Vector Clocks provide a stronger notion: a happened before b iff VC(a) < VC(b). This means that Vector Clocks also capture if two events are not causally related, i.e., concurrent. For example, if neither VC(a) < VC(b) nor VC(b) < VC(a) holds — the events (or rather their timestamps) are then called concurrent, denoted by VC(a) || VC(b).

Why Do We Want Consistent Ordering?

Consistent ordering of distributed events mainly incurs two aspects:

1. The order should preserve the causal relationships between events.
2. The order should be consistent across nodes, i.e., the order has to be unique.
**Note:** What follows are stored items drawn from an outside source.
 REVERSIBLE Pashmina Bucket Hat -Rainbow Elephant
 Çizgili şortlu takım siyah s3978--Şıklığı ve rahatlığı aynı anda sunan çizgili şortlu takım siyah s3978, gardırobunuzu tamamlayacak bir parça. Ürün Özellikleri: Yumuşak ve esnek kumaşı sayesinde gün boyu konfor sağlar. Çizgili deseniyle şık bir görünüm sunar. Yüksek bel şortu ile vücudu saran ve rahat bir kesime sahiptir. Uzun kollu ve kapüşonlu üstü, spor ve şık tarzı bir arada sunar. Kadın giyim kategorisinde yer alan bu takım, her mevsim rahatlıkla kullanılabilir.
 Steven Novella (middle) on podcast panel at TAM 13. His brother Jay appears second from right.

Once we can order our events consistently, each server can order events and apply changes similarly, ensuring consistent states across servers. Hence, consistent ordering directly enables consistent states (given the same events).

Ordering is Straightforward with Lamport Timestamps

As Lamport Timestamps are just integers, we can sort them with our favorite traditional sorting algorithm. And, since a potential causality always implies a higher timestamp, ordering based on Lamport Timestamps preserves the correct causal order of events.
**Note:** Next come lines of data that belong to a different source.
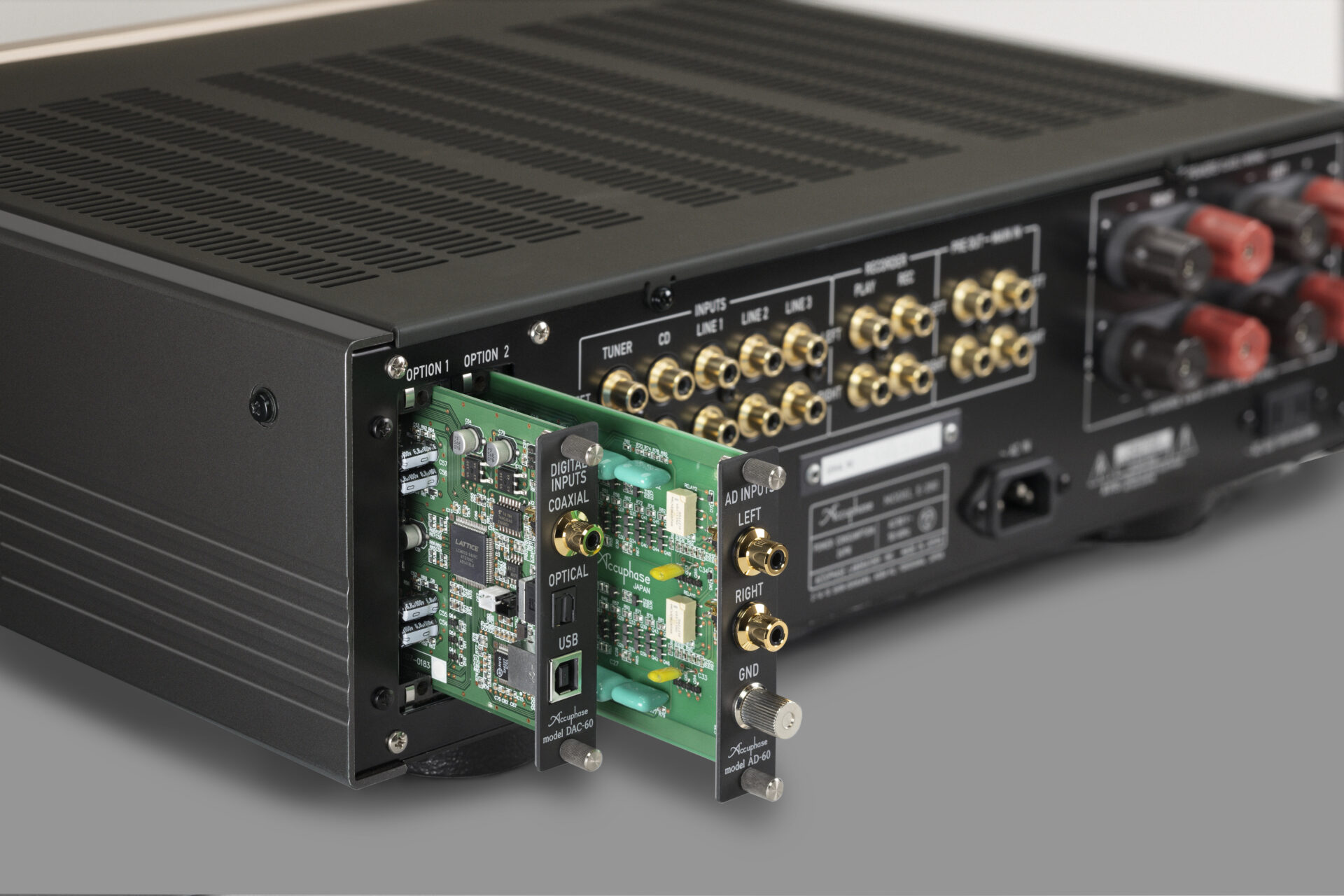 Als integraler Bestandteil des modularen Accuphase-Konzepts fügt sich das AD-60 nahtlos in kompatible Geräte von Accuphase ein. Die Installation erfolgt über einen dafür vorgesehenen Optionsschacht, wodurch kurze Signalwege, optimale Abschirmung und eine perfekte Integration in die bestehende Elektronik gewährleistet sind.
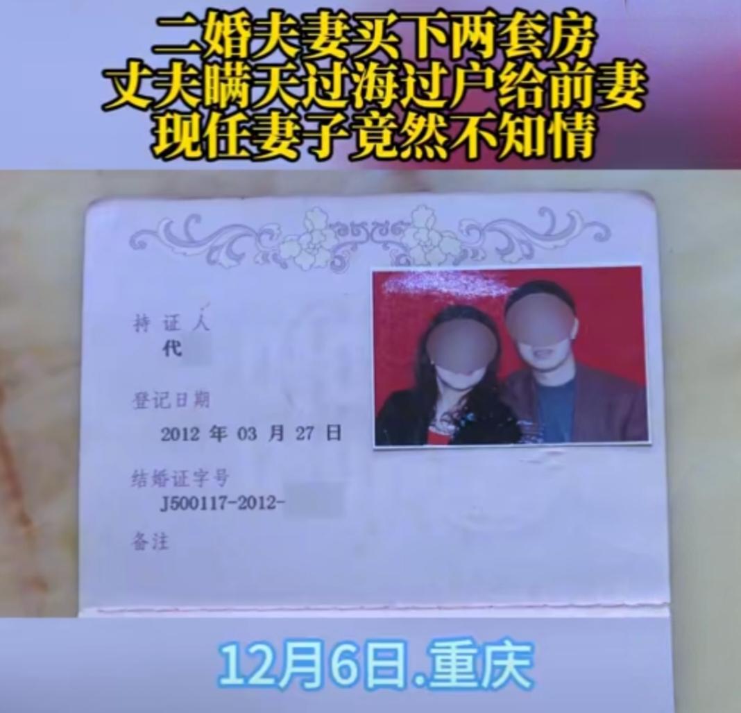 二婚夫妻买2套房被丈夫过户给前妻。妻子崩溃:十几年的感情了算什么? 刚才有刷到
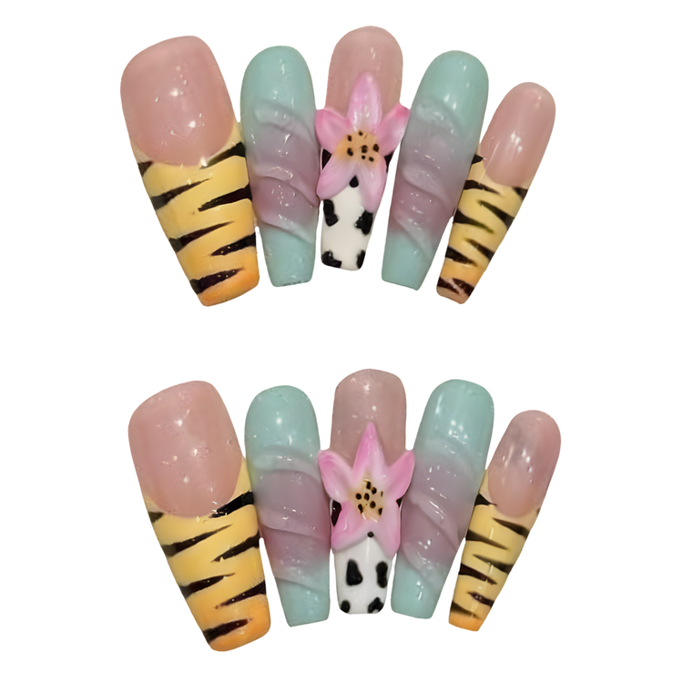 A wild and playful mix of tiger stripes, candy swirl pastels, and cow print – all tied together with a bold 3D pink flower. This vibrant set is perfect for fearless fun
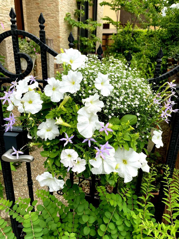 5/22の投稿ではペチュニアばかりが目立っていたけど、イソトマの薄紫が優しく寄り添っています💜🤍💚

However, it does not define a total order for sets of events: Two events with the same timestamp, i.e., need a “tie-breaker” such as the server ID that generated that event (or some other unique property). Without such a tie-breaker, the order of events might depend on the initial order and the sorting algorithm, i.e., it is not necessarily reliable.
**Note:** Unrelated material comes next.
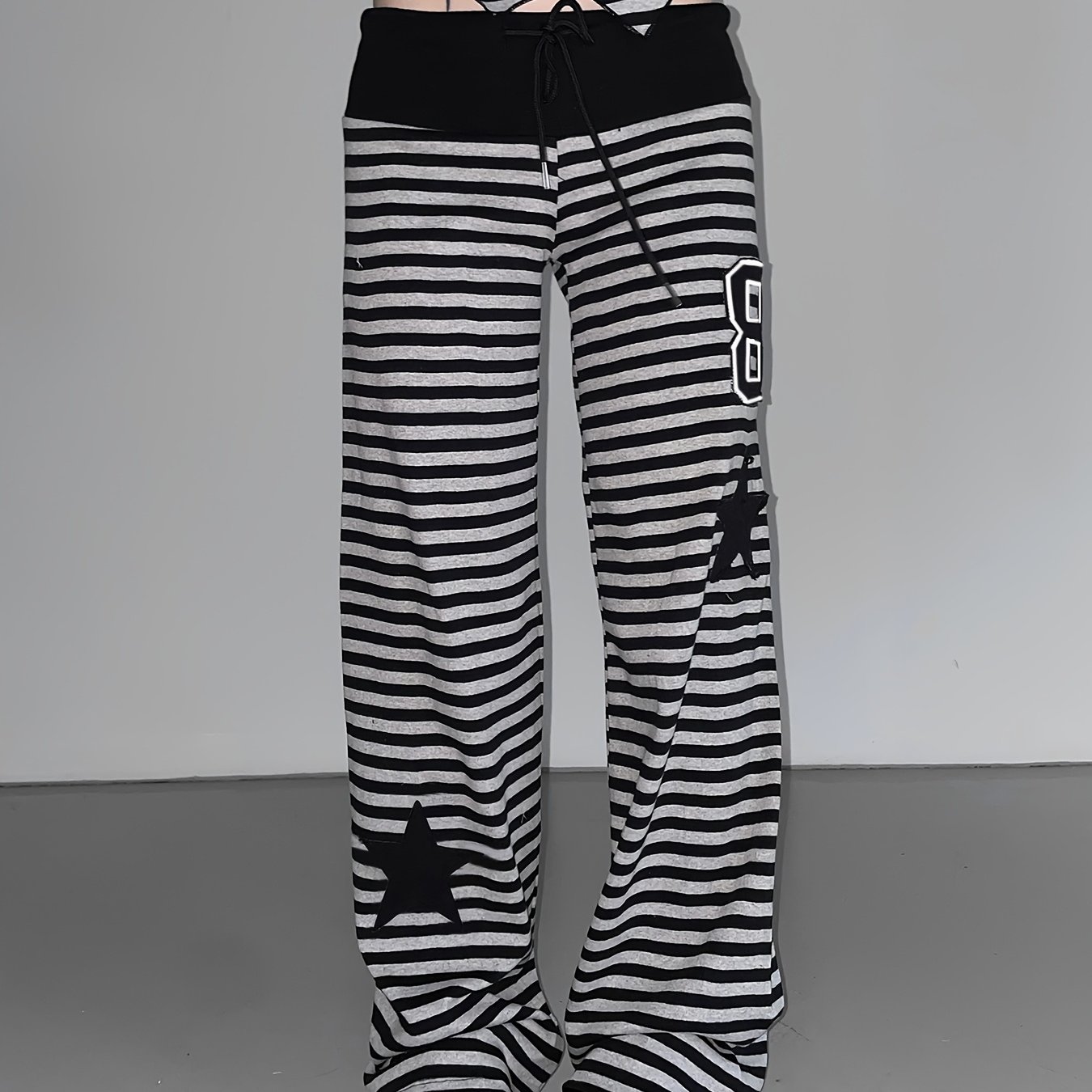 TEMU 미국 Y2K 레트로 스타 여성 캐주얼 바지, 대비되는 드로스트링 허리, 레그 롱 트라우저 - 홈웨어

Why Ordering Vector Clocks is Hard

Ordering Vector Clocks, however, is not as straightforward. While the Lamport Timestamps imply a partial order regarding event causality, the timestamps are totally ordered. Vector Clocks, on the other hand, can be concurrent. This concurrency, however, is not transitive, i.e., for three events a, b, and c, even if VC(a) || VC(b) and VC(b) || VC(c), it is not implied that VC(a) || VC(c).

An Example

Consider the following example:
VC(a) = [1, 0]
VC(b) = [0, 1]
VC(c) = [2, 0]
Then VC(a) || VC(b) and VC(b) || VC(c) but VC(a) < VC(c)

Hence, for this example, valid orders are [a b c], [b a c], and [a c b].

Note that even a tie-breaker cannot directly solve this issue if the initial order is different because Vector Clocks do not have a total order (as opposed to Lamport Timestamps) — this is a common misconception (and I used to believe this). The problem lies in how standard sorting algorithms work: They rely on a strongly connected property of the values, i.e., it always holds a < b or b < a (or a=b). This property does not hold with Vector Clocks because they can be concurrent (which does not mean they are equal).

One could first order the events based on some arbitrary tie-breaker (note that in the best case, this one should be globally unique) and then sort the events using a stable topological sorting algorithm, e.g., a stable version of Kahn’s Algorithm.

Why Employing Vector Clocks for Ordering Does Not Make Sense (Usually)

Compared to simple Lamport Timestamps, Vector Clocks can capture the concurrency of events. This is a convenient feature since it allows, e.g., resolving concurrent modifications.

However, the order itself is usually irrelevant when considering concurrent events. Typically, an arbitrary tie-breaker dictates the outcome (often, one would need to resolve the conflict manually). For the sole purpose of ordering, Vector Clocks do not provide additional benefits over Lamport Timestamps.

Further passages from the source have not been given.